The broadcast address (used to send packets to all hosts in the subnet) is found by setting all host bits (the last 6 bits) to 1.

  Network ID  : 11000000.10101000.00000001.01000000
  Host Bit Fill: 00000000.00000000.00000000.00111111
  -------------------------------------------------
  Broadcast ID: 11000000.10101000.00000001.01111111 -> 192.168.1.127

3. Usable Host Range

The first and last addresses of any block are reserved: the Network Address (.64) and the Broadcast Address (.127). Thus, the usable host addresses in this subnet range from 192.168.1.65 to 192.168.1.126, leaving 62 usable addresses (2⁶ - 2 = 62).

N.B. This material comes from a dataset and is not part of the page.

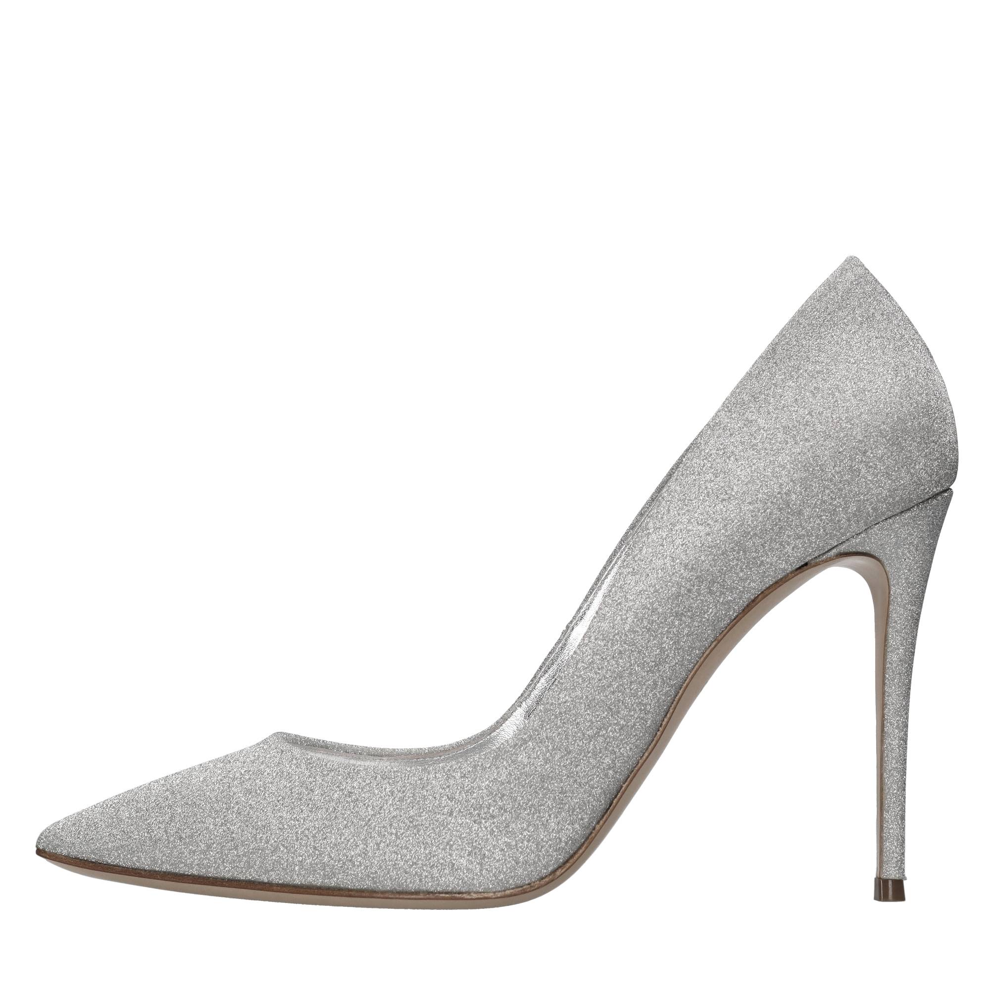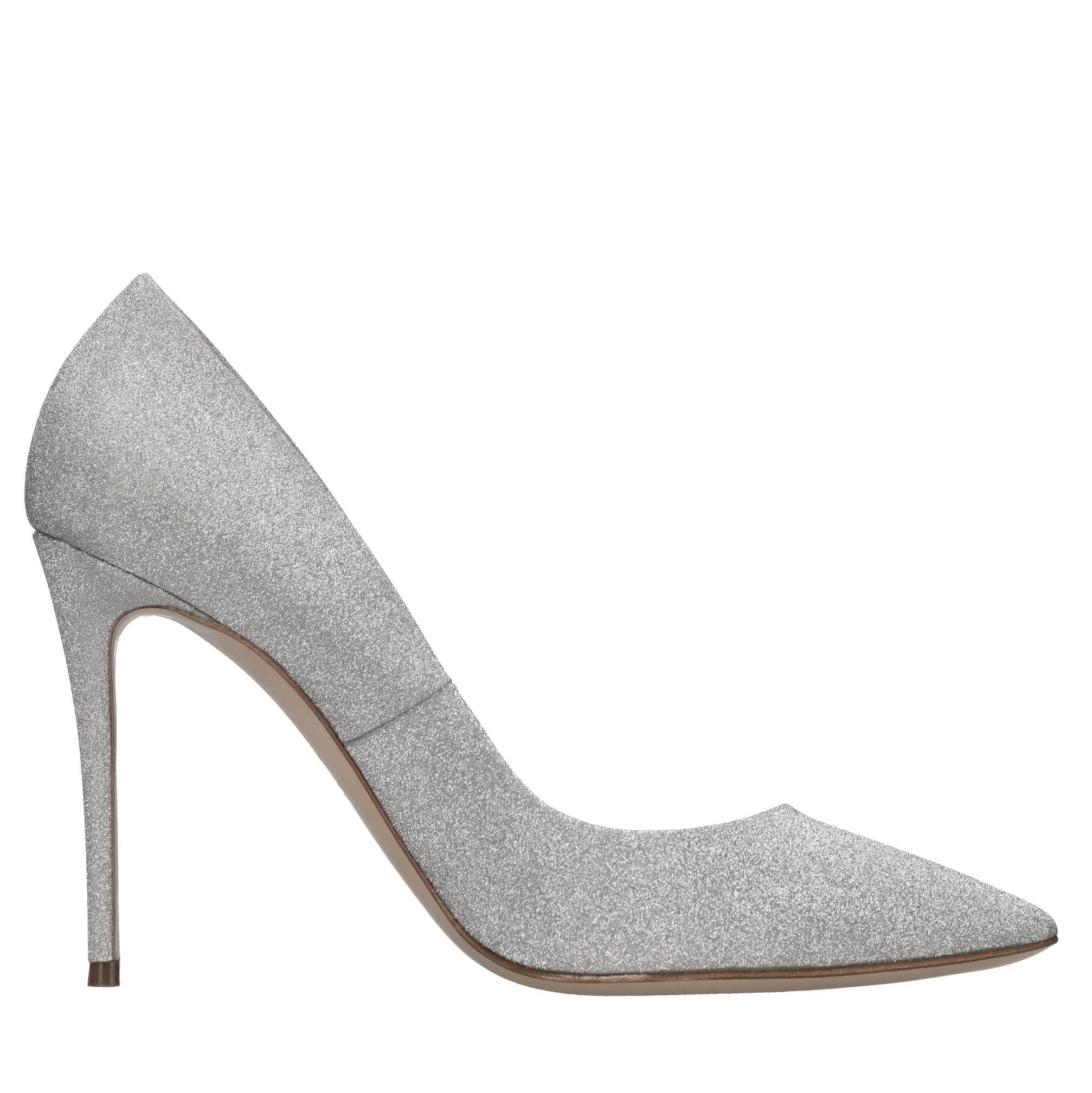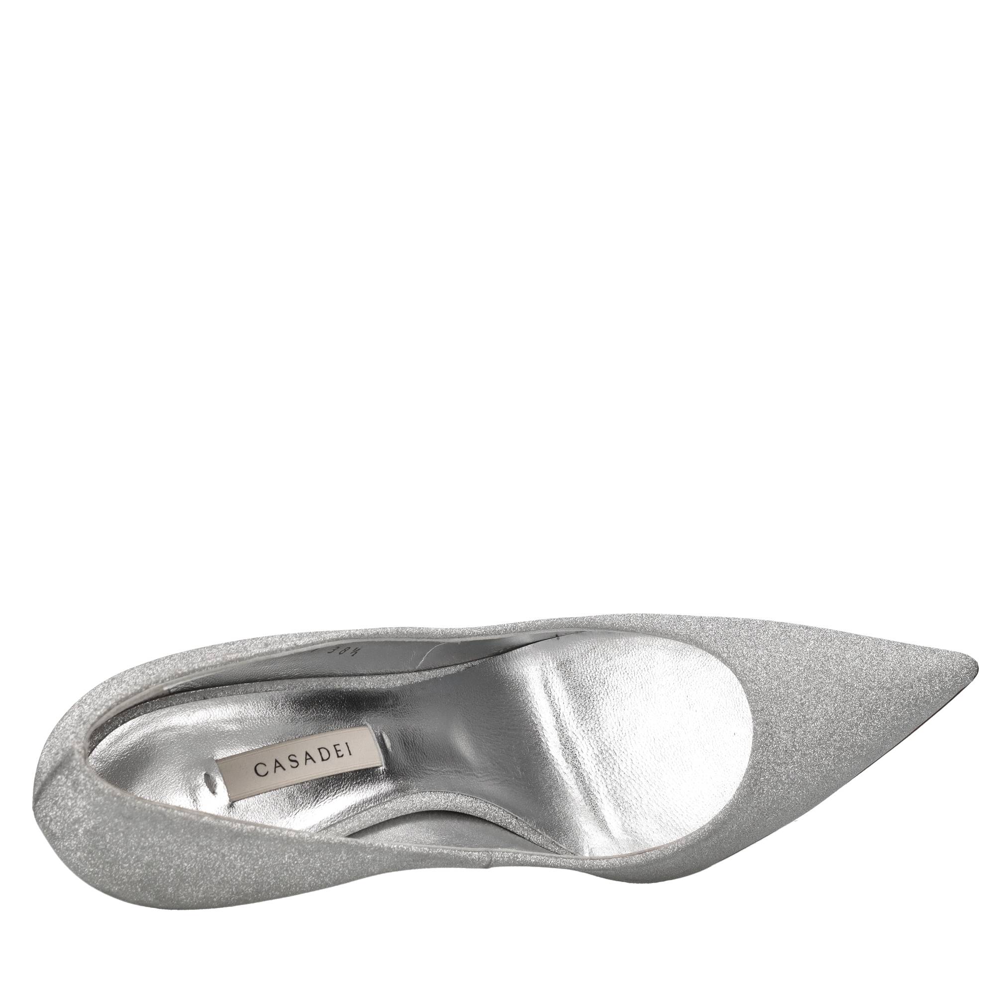 Décolleté in tessuto microglitter. Tomaia interna in pelle. Suola esterna in cuoio. Spedita su scatola neutra. Piccole imperfezioni. Sconsigliamo l'applicazione della gomma protettiva alla suola. Tale operazione altera l'equilibrio della scarpa e può causare la rottura del tacco. L'eventuale riparazione del danno a causa di tale modifica sarà a carico del cliente.

Cloud engineers use CIDR to divide a Virtual Private Cloud (VPC) block into isolated subnets.

For example, if a company is allocated 10.0.0.0/16 (65,536 addresses), they can partition it into smaller /24 subnets (256 addresses each):

• 10.0.1.0/24: Dev public web subnet.
• 10.0.2.0/24: Production public web subnet.
• 10.0.100.0/24: Private database subnet (isolated from direct internet routing).

To prevent global IPv4 address exhaustion, certain IP ranges are designated as private spaces under RFC 1918:

• 10.0.0.0/8
• 172.16.0.0/12
• 192.168.0.0/16

Routers on the public internet are programmed to discard packets heading to these private networks. For internal servers to reach the public internet, they must route traffic through a Network Address Translation (NAT) gateway. The NAT gateway replaces the private source IP in the packet header with its own public IP, forwards the request, and returns responses back to the internal host.

• RFC 4632: Classless Inter-domain Routing (CIDR) — The official Internet standards specification defining CIDR architecture.
• RFC 1918: Address Allocation for Private Internets — The standard defining private IP networks and routing boundaries.
• TCP/IP Illustrated, Volume 1 — W. Richard Stevens' textbook on internet protocols, addressing, and routing behaviors.